A section of the depleted Navugulu Forest Reserve in Mpigi District. PHOTO/ BRIAN ADAMS KESIIME

What you need to know:

  • Greater Mpigi, which also covers Butambala and Gomba districts, has about 38 forest reserves of which 20 have already been destroyed.

National Forestry Authority (NFA) officials in Mpigi District are on the spot over the continued degradation of Navugulu Central Forest Reserve.

Monitor has learnt that loggers have cleared more than 30 acres of trees in the forest within one month.
Some residents on Wednesday blamed the destruction of the forest on a senior army officer whom they declined to name.

“That army officer is the one destroying our natural forest. He hires people to cut down trees which he sells and later plants eucalyptus. This is what he did on the other part of the forest where NFA reportedly gave him a permit to carry out reforestation,” a resident of Boza Village, who preferred anonymity, said.

How they got land
He said the army officer and some residents legally acquired the land through the Collaborative Forest Management (CFM) strategy, but instead of sustainably utilising the forest, they are destroying it.
“At first, they were planting eucalyptus trees in the depleted part, but later started clearing trees to plant crops. Today, all the individuals who NFA authorised to use the forest under the strategy lost track and need to be thrown out,” he added.

Mr John Kibuuka, the NFA manager in charge of the Mpanga sector, admitted that they allocated 100 acres of the depleted part of the forest to the locals to grow crops but keep the other section of forest intact under the CFM strategy. “We gave priority to residents to carry out afforestation through the collaborative forest management groups hoping that they will protect the forest. However, we were surprised to learn that the locals had sold the land to one army officer who gave each person Shs2m,” Mr Kibuuka said.

“These people, who had nowhere to cultivate their crops, encroached on the intact section of the forest with the said army officer whom we are investigating. They have so far destroyed more than 30 acres of the forest,” he added.

Mr Kibuuka said NFA has evicted hundreds of encroachers from at least 29 forest reserves in the Greater Mpigi area, while more than 800 hectares of  depleted forest reserves have been restored in collaboration with corporate companies in the last decade.

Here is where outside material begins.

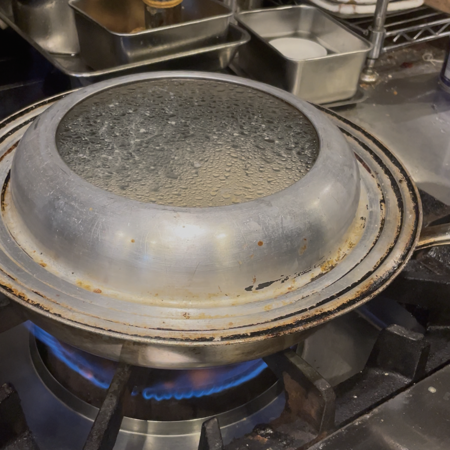 ③蓋をして、水が無くなるまで蒸し焼きをする

Mr Muhammed Kateregga, the chairperson of the Navugulu CFM group, said the army officer hoodwinked them.

“After becoming a member, he started buying portions of forestry land from the residents and became the sole owner of 100 acres which NFA had given to CFM members. If NFA had not cleared him, there is no way we could work with him,” Mr Kateregga said.

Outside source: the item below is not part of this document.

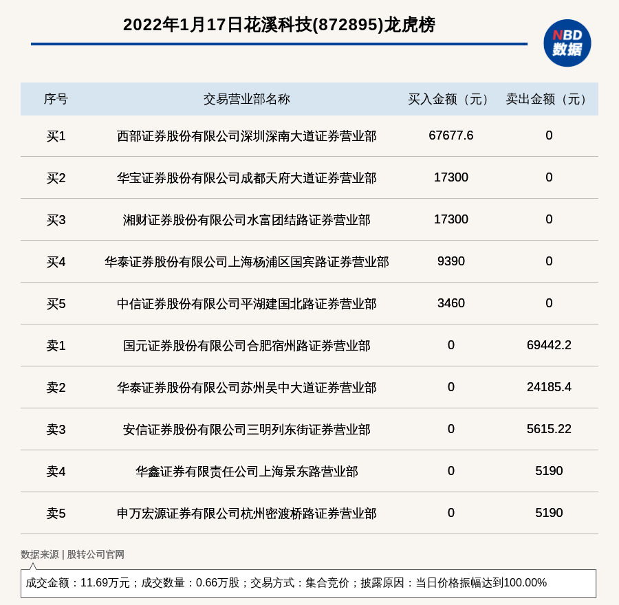 每经讯,2022年1月17日,新三板创新层公司花溪科技(872895)登上龙虎榜,交易方式是集合竞价,披露原因是当日价格振幅达到100.00%,成交数量0.66万股,成交金额11.69万元。买一席位为西部证券股份有限公司深圳深南大道证券营业部,买入6.77万元;卖一席位为国元证券股份有限公司合肥宿州路证券营业部,卖出6.94万元。
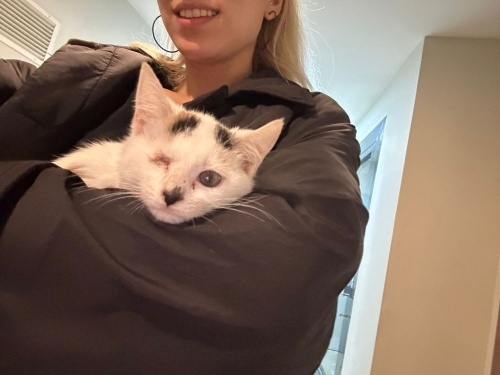2-2,5 aylık, dişi, tek gözü olmayan minik bir kedicik sahiplendiriyoruz. İç ve dış parazit tedavileri yapılmıştır.

He said other private tree growers are conniving with some unscrupulous locals to clear other forests in Nawandigi, which stretches to neigbouring Butambala District.

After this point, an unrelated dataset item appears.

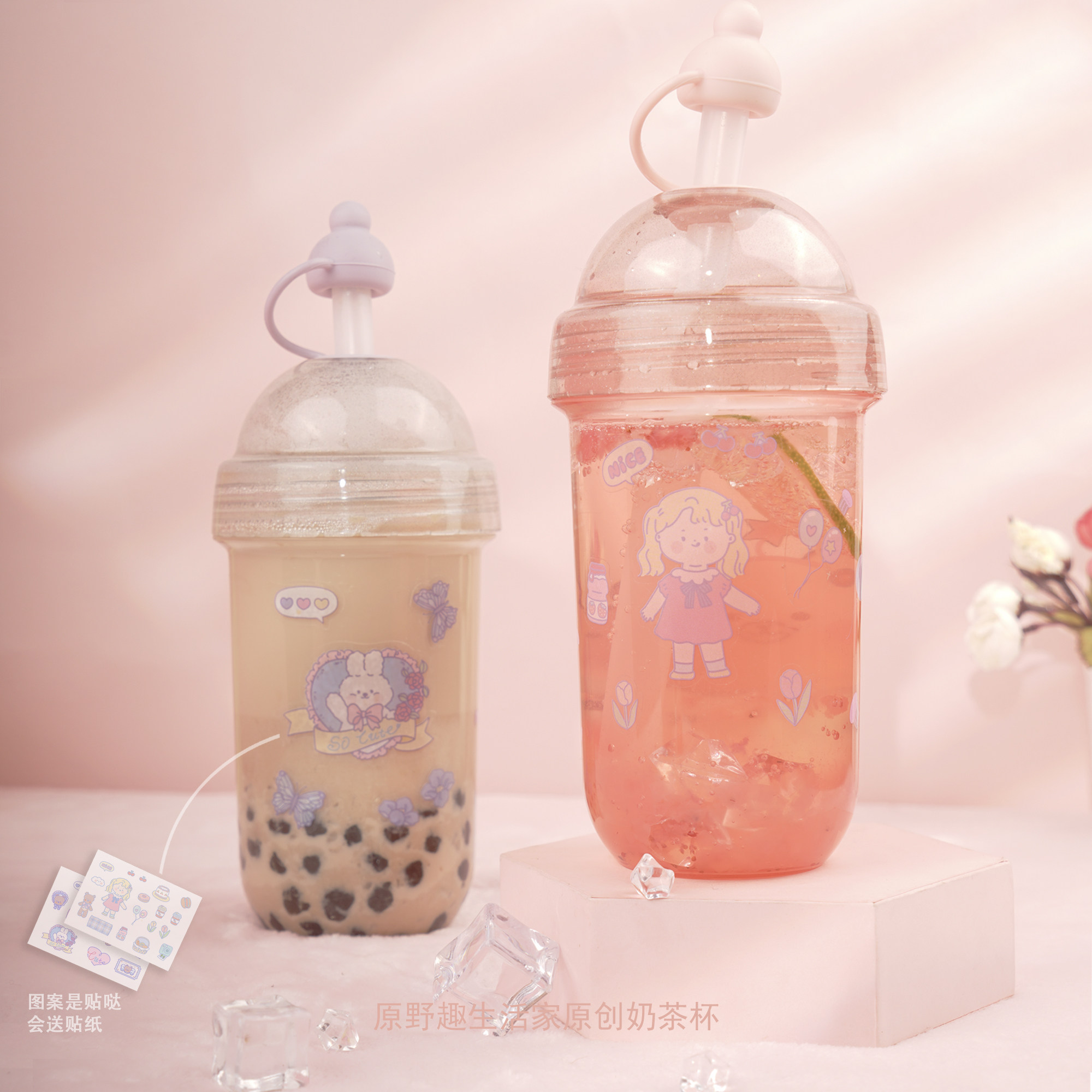 原野趣生活家原创可爱贴图珍珠奶茶吸管杯塑料水杯挂绳便携礼物杯热门设计联盟服务商

Mr Kateregga added that the residents later approach NFA for licences to plant eucalyptus.
Recently, local authorities in Butambala protested NFA’s move to replace indigenous trees in Nawandigi Central Forest Reserve with exotic tree species.

They claimed NFA has already cut down some indigenous tree species such as Mvule, Musizi, and Mahogany and replaced them with eucalyptus trees, which are unsuitable for the soil and climate.

Destruction 

Greater Mpigi, which also covers Butambala and Gomba districts, has about 38 forest reserves of which 20 have already been destroyed.

For example, Lwamunda Forest Reserve, which initially had 7,255 hectares, only has 1,855. Forests and woodland account for 15 per cent of Uganda’s territory, but the country’s forest cover has dwindled from 24 percent in the 1990s to 8 percent currently.